Alzheimer’s Association

@alzassociation

This #BlackHistoryMonth, we are highlighting people who have made a difference in the fight to #ENDALZ. Today we honor Dr. Solomon Carter Fuller, a pioneer in dementia research who worked alongside Dr. Alois Alzheimer.

In 1889, Fuller moved to the United States and enrolled at Livingstone College in Salisbury, N.C. He pursued his medical studies at the Long Island College Hospital in Brooklyn and then at Boston University, where he received his MD in 1897.

Following an internship at the Westborough Insane Hospital (later known as Westborough State Hospital) in Massachusetts, he began working as a pathologist there in 1899, the same year he joined the faculty of the Boston University School of Medicine as an instructor of pathology.

In 1904, Fuller was one of five foreign research assistants selected by Alois Alzheimer to work in his laboratory at the Royal Psychiatric Hospital in Munich.

At this cutting-edge facility, Fuller helped conduct seminal research on physically observable abnormalities in the brains of victims of the disease that a few years later would become known as Alzheimer’s.

In 1905, Fuller returned to Westborough Hospital, where he resumed his duties as a pathologist with a special focus on Alzheimer’s.

Using his proficiency with the German language, he also produced the first English-language translation of much of Alzheimer’s work.

As a pathologist, Fuller performed numerous autopsies, which enabled him to make observations — none of them more pivotal than the neurofibrillary tangles and miliary plaques he encountered while examining the brain tissue of deceased people who had had dementia.

Fuller reported on the significance of neurofibrillary tangles five months before Alzheimer did, and his discovery identified a physically observable basis for this affliction, which so decimated the memories of its victims.

Ultimately, the results of Fuller’s research helped to confirm that the condition known as Alzheimer’s was not the result of insanity but rather a physical disease of the brain. He also went on to publish the first comprehensive review of this disease.

A close up of a human brain affected by Alzheimer’s disease on display at the Museum of Neuroanatomy at the University at Buffalo in 2003. (David Duprey/AP)

As a leading Alzheimer’s expert, Fuller was invited to speak at the historic 1909 Clark University Conference in Worcester, Mass., which drew such guests as nuclear physicist Ernest Rutherford and psychoanalytical gurus Sigmund Freud and Carl Jung.

Fuller sought to mitigate racial disparities in mental health care by training young Black psychiatrists to treat Black veterans of World War I. But he couldn’t overcome the medical profession’s racial inequities in his own life.

As a professor at Boston University, he was paid less than his White colleagues. And despite carrying out the duties of the head of the neurology department, he never received the title of chair or even a full professorship. He once remarked, “With the sort of work that I have done, I might have gone farther and reached a higher plane had it not been for the color of my skin.”

In 1933, Fuller retired from Boston University, after a White junior colleague was promoted over him to become the official head of the neurology department.
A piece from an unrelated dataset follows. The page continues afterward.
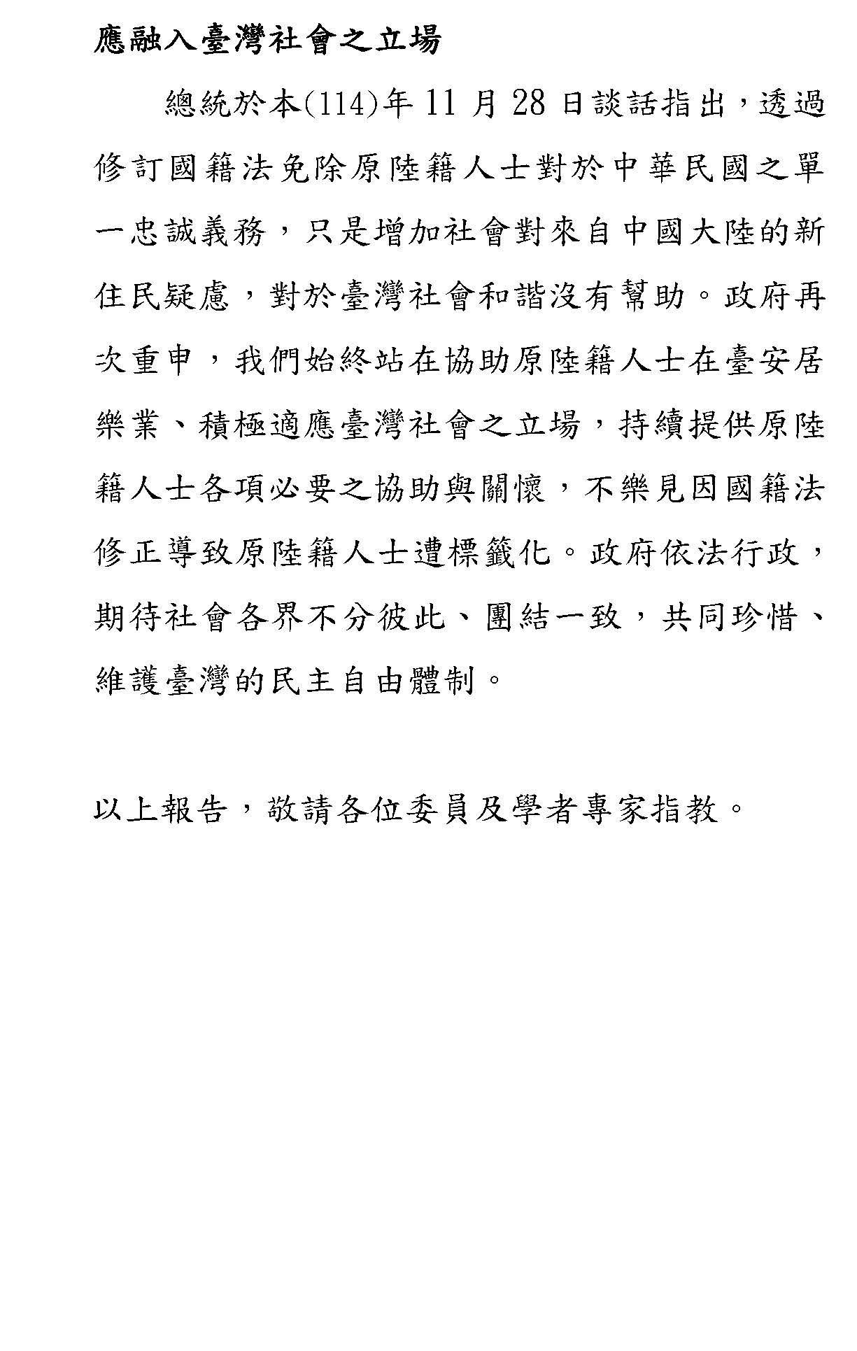 另外,有關取得切結書的部分,我這邊也簡單做說明,第一個,在國籍法第二十條規定,我們並沒有以切結書替代的規定,這個並沒有解釋的空間,而且大陸能不能放棄它的國籍,這是中華人民共和國的權利跟義務,它要不要出具證明給放棄資格的原中國大陸地區人民,那個是由中華人民共和國自行決定,我們也沒有修法的必要。以上先簡單就剛剛委員提到的幾個重點部分,我們內政部把我們的立場做一個說明。以上。

He continued to practice neurology and psychiatry, until diabetes robbed him of his eyesight.

On Jan. 16, 1953, Fuller died at 80 of complications related to diabetes and gastrointestinal cancer.
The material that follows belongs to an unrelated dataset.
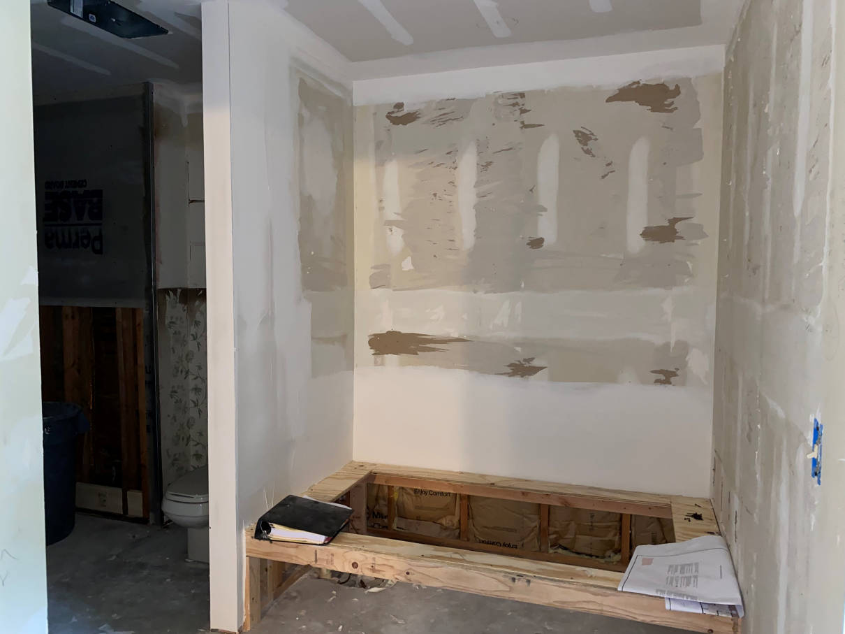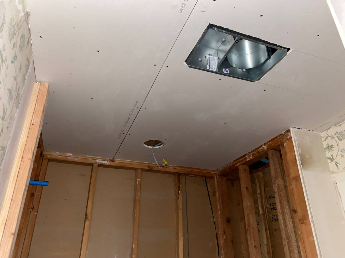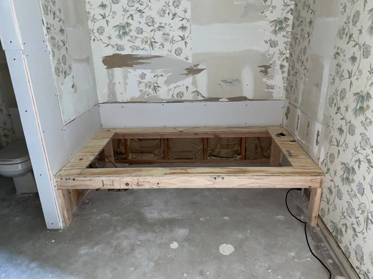 The next day new sheetrock started going up. The electrician came out briefly to get the remaining can light boxes put in. He also added the junction boxes for the two lights over the vanity. The extension to the toilet wall was added and the new tub frame started.

Although he received an honorary doctorate from his alma mater, Livingstone College, Fuller’s contributions were largely neglected by academia.

He finally received posthumous recognition when, in 1974, the Black Psychiatrists of America established the Solomon Carter Fuller Program for aspiring Black psychiatrists. That same year the Solomon Carter Fuller Mental Health Center in Boston was established.

The American Psychiatric Association presents the annual Solomon Carter Fuller Award to an individual who has done pioneering work to improve the lives of Black people.

More than a century after Fuller’s most significant work, much about Alzheimer’s remains unknown. Among the mysteries is that Black people have significantly higher rates of Alzheimer’s than Caucasians. Solving these enigmas — and finding a long-elusive cure — will require a 21st-century Fuller.